My last regular, communal commitment is working Setup Shift for Bloomington’s Interfaith Winter Shelter, now in its 6th season shared among area faith communities, including my own. From the beginning, I have worked setup with my minor daughters, who can work only this early no-contact-with-guests shift due to the Low Barrier nature of the shelter. Tonight, our usual Monday night crew was AWESOME, in and out in just over half an hour, a well-oiled machine.

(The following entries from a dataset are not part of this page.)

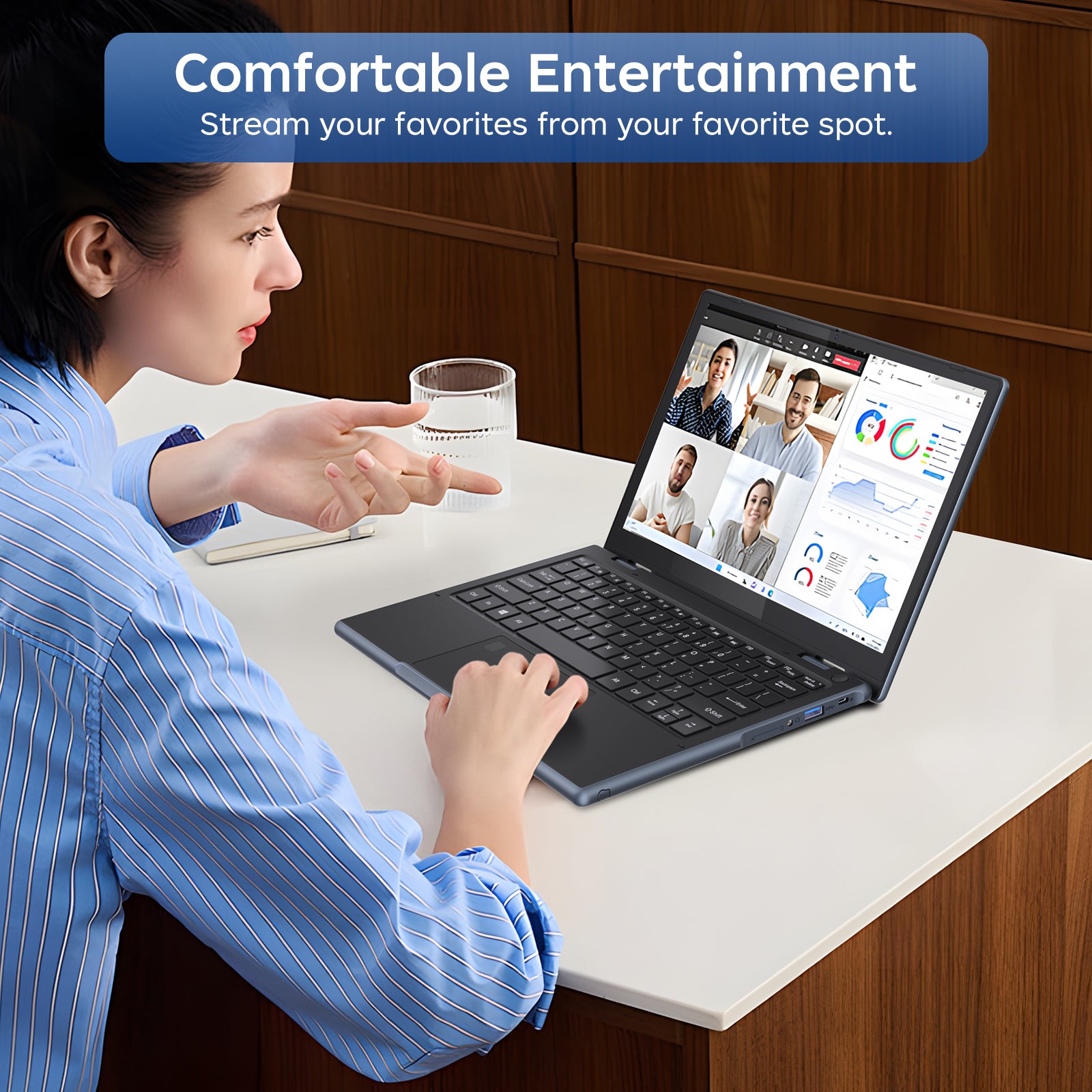 The 11.6” RNRUO Touchscreen Ultra Slim Laptop is a compact, portable, and versatile device. Its 360° flip touchscreen supports multiple usage modes—tent, stand, and tablet—adapting to diverse scenarios. Equipped with 16GB RAM and 256GB SSD, it delivers ample performance for basic computing needs: web browsing, video streaming, and light productivity tasks. Powered by Windows 11, it offers a user-friendly and familiar experience for most users.
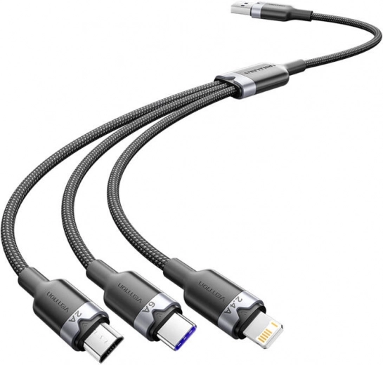 Vention 3 v 1 je praktický kabel, který vám nahradí několik nabíječek a kabelů. Podporuje rychlé nabíjení až 120 W (USB‑C) a současně zvládne napájet více zařízení. Integrovaný čip chytře rozděluje energii, aby každé zařízení dostalo optimální proud bez přehřívání či přebíjení.
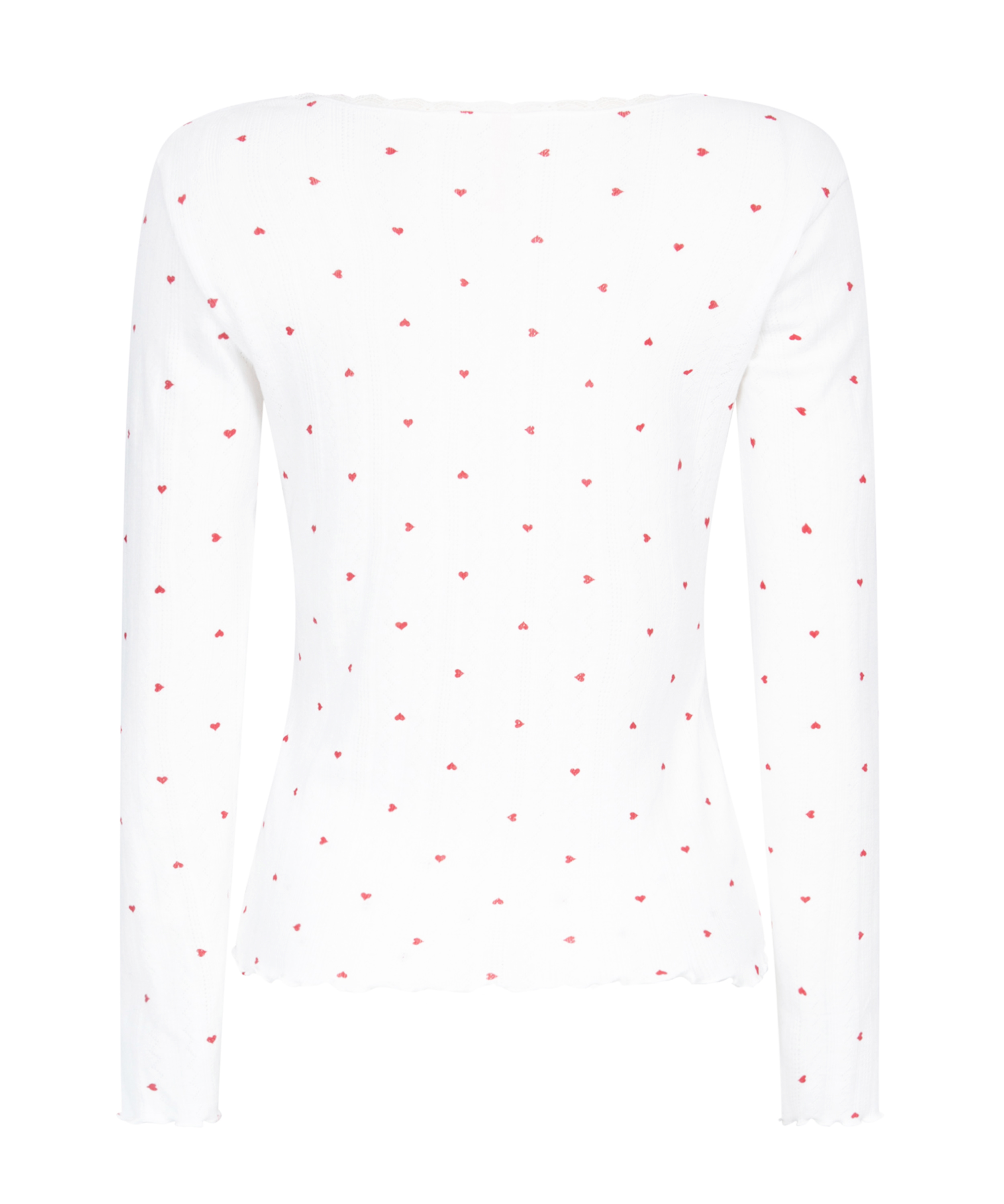 Føl dig godt tilpas i denne dejlige trøje med lange ærmer og rund hals. Den er fremstillet af det blødeste stof og har et skønt mønster samt søde flæsekanter. Sæt den sammen med de matchende bukser for at få det perfekte komfortable sæt.
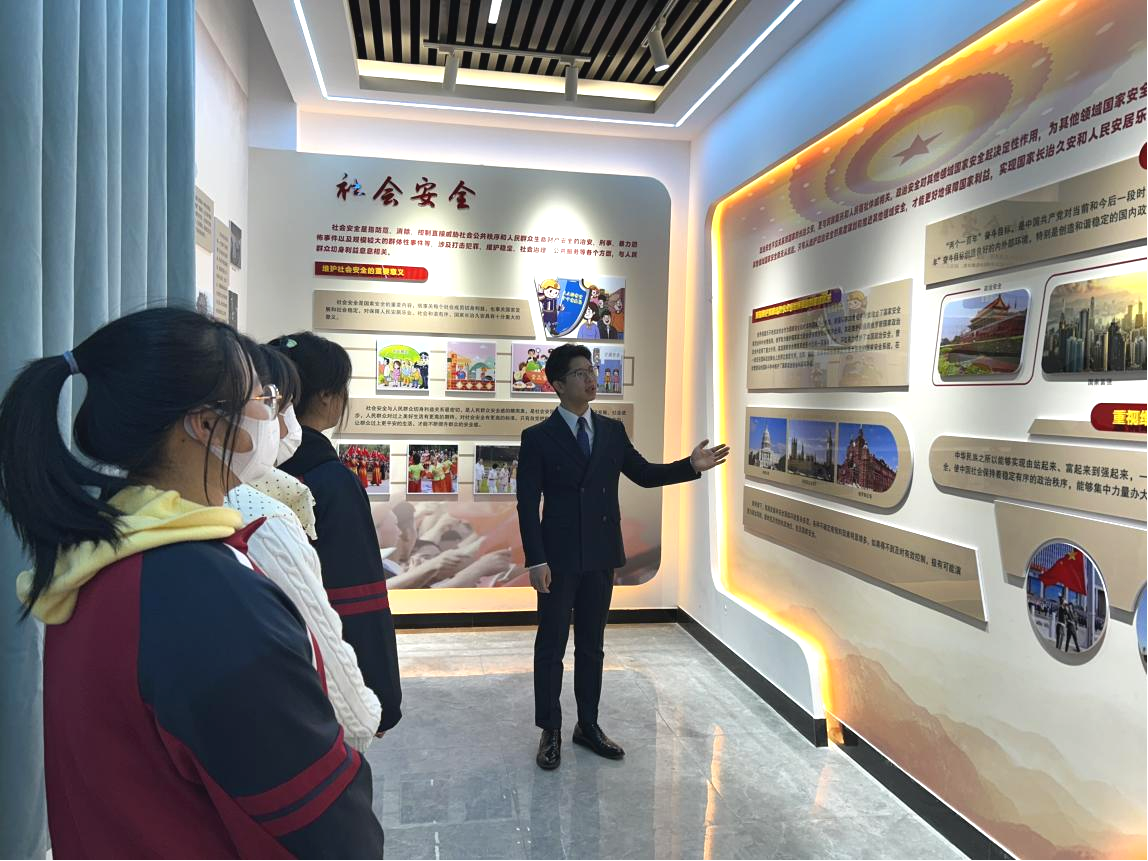 随后,同学们移步青少年法治教育基地,通过典型案例剖析、法律条文解读、模拟法庭、普法教育互动等形式,直观揭露邪教反科学、反社会、反人类的本质。活动全程秩序井然,同学们纷纷表示,要将爱国情怀与法治思维、反邪教使命深度融合,进一步升华责任意识。
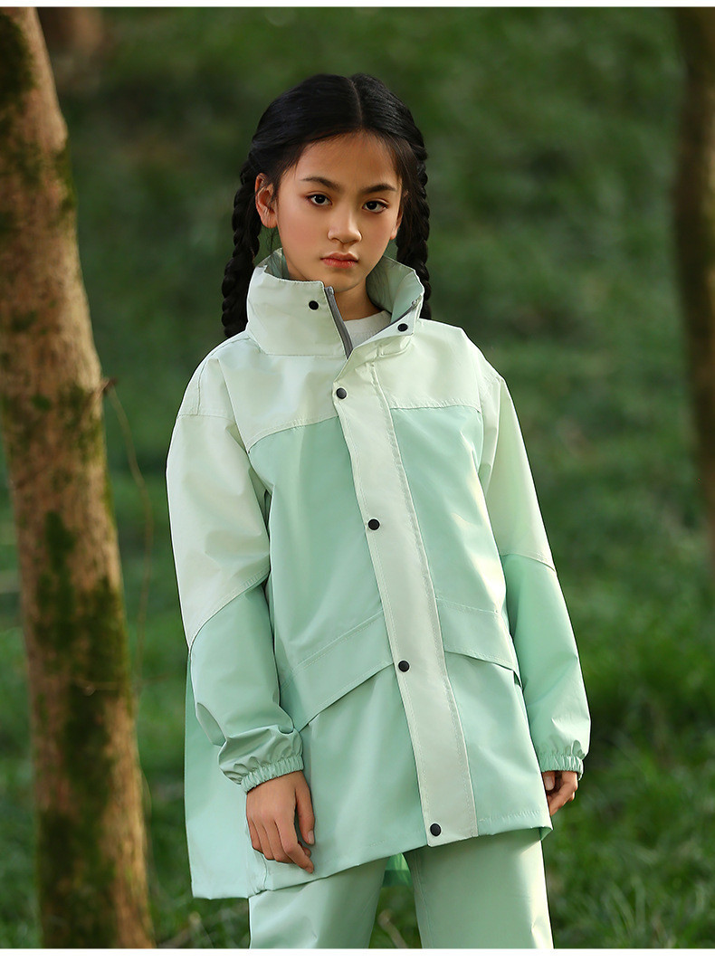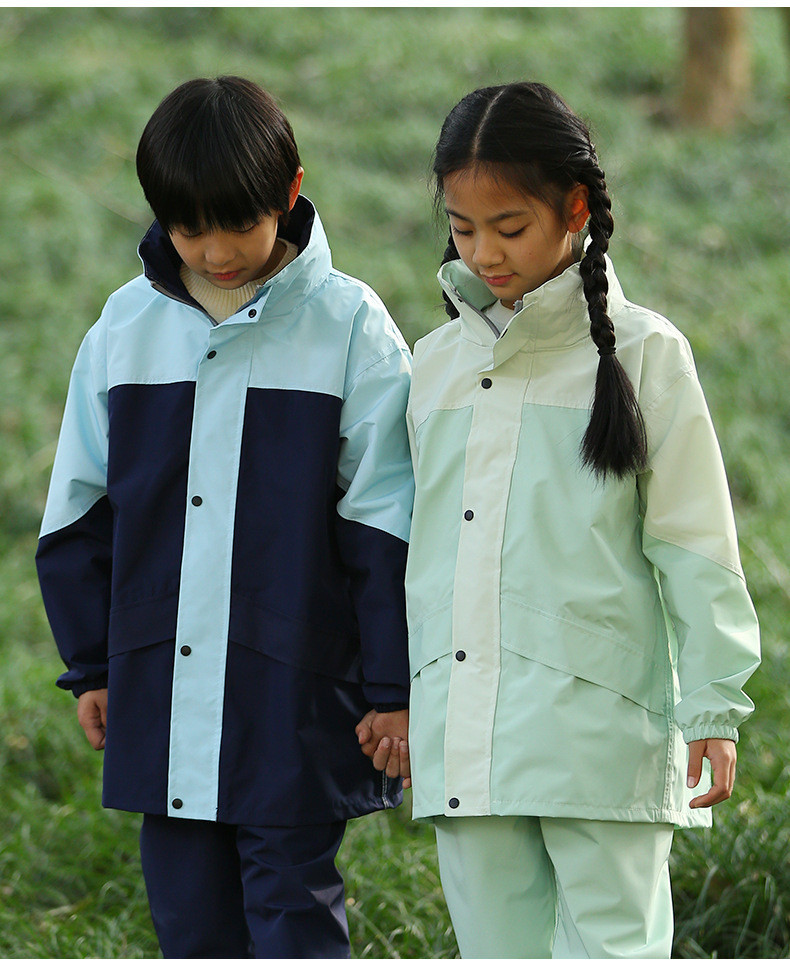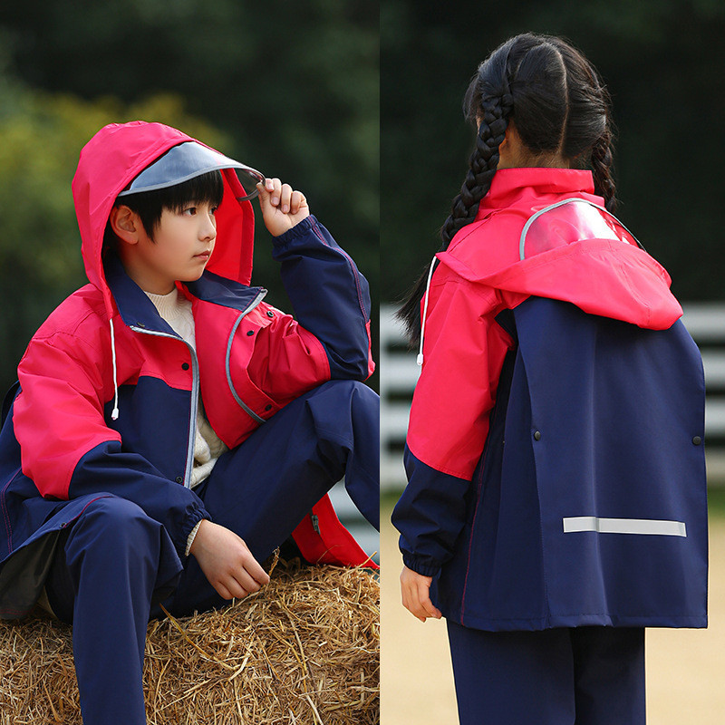 D5O 어린이 스플릿 비옷 및 레인 팬츠 세트 방수 전신 초등 및 중등 학교 소년 소녀 사이클링 야외
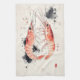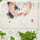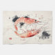 Japanese Watercolor Shrimp Art with Calligraphy Kitchen Towel
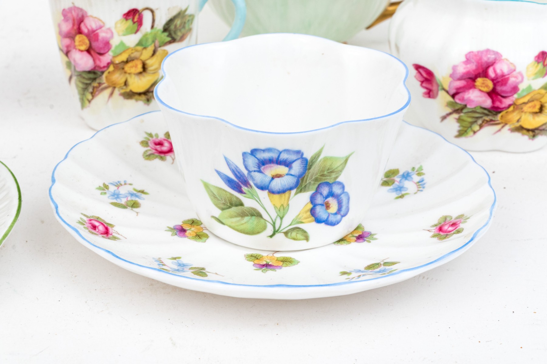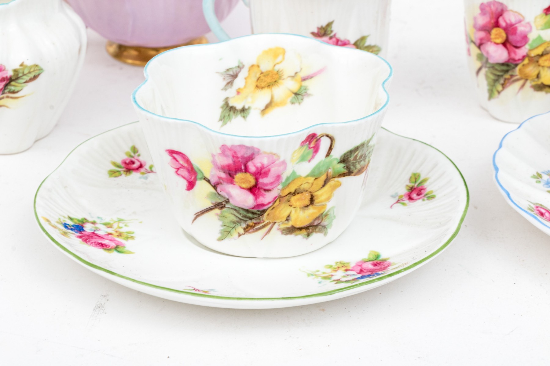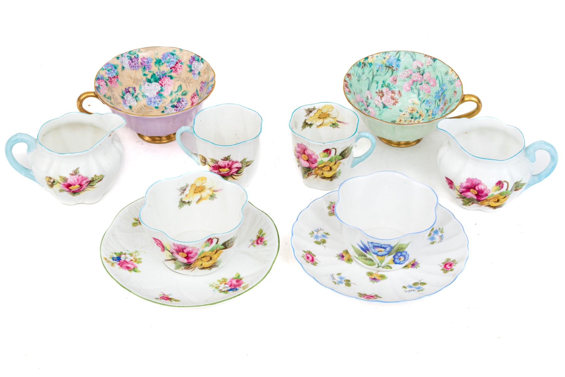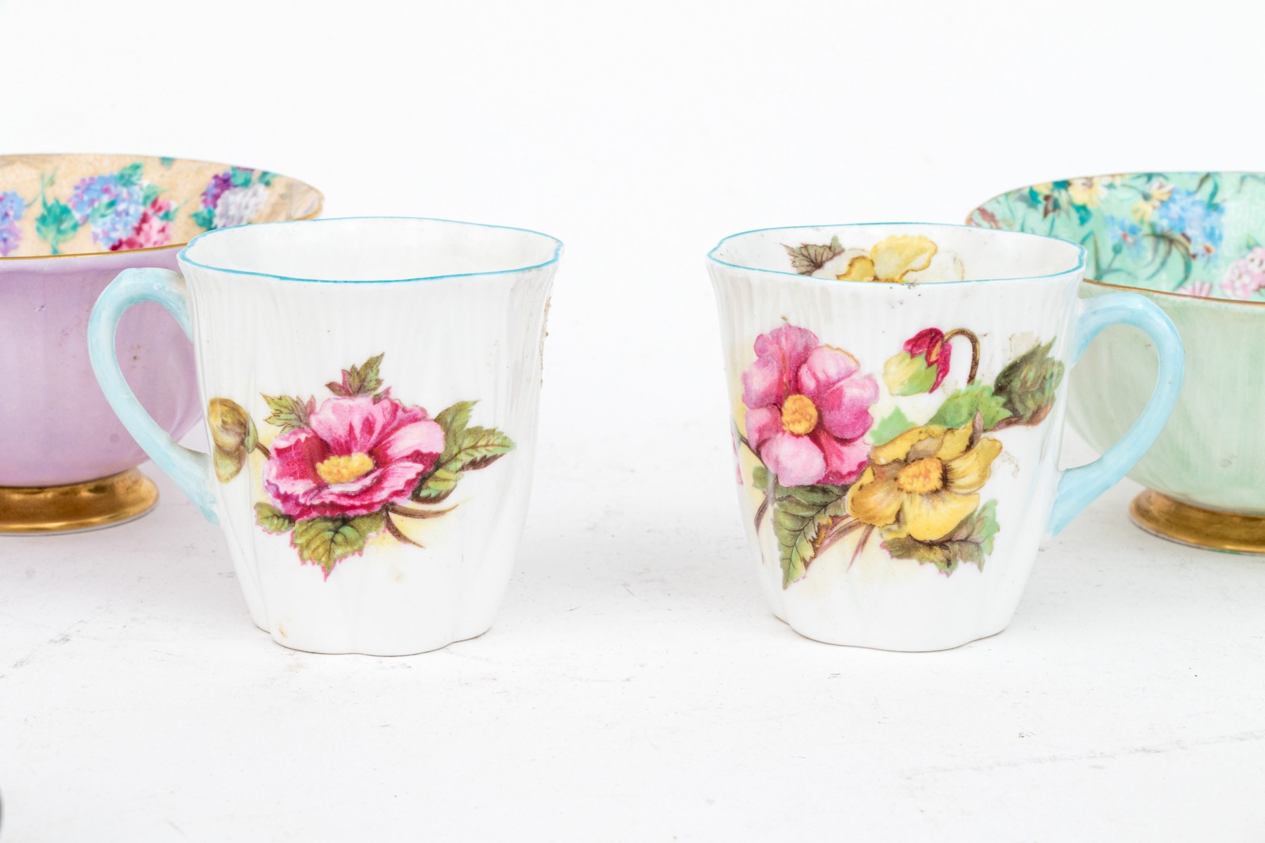 - Two scalloped teacups with saucers

We lay out, most nights, 62 doubled mat sets with cased pillow, blanket, sheet, and a magnetically-numbered folding chair for a headboard/bedside table, in three different rooms for men/women/overflow; thread light-blocking blinds into exit doors; erect a dining area for soup, crackers, snacks, and decaf with salt and peppers on clean tabletops; place signage for restrooms and smoke schedules; set out breath mints, earplugs, and feminine hygiene products; inset tens of plastic bags to hold guests’ belongings for the night; cover congregational postings to protect the privacy of congregants/groups that meet in the building; then bid one another a cheery goodnight, walking anyone unaccompanied to their car. I leave, again, feeling that I have shared something precious with these individuals I have come to know through shared work and the values and beliefs in what really matters that this work signifies. I know their first names, but little else of any particular nature about them.

What ways do you like to “be in company” with others? What communities you participate in are precious to you? How can more of us find ways to bridge the seemingly insurmountable divides of ideology, politics, religion, race, class, age, and more, that Ruth Bader Ginsberg so eloquently addressed in her tribute to Supreme Court Justice and Best Opera Buddy Antonin Scalia?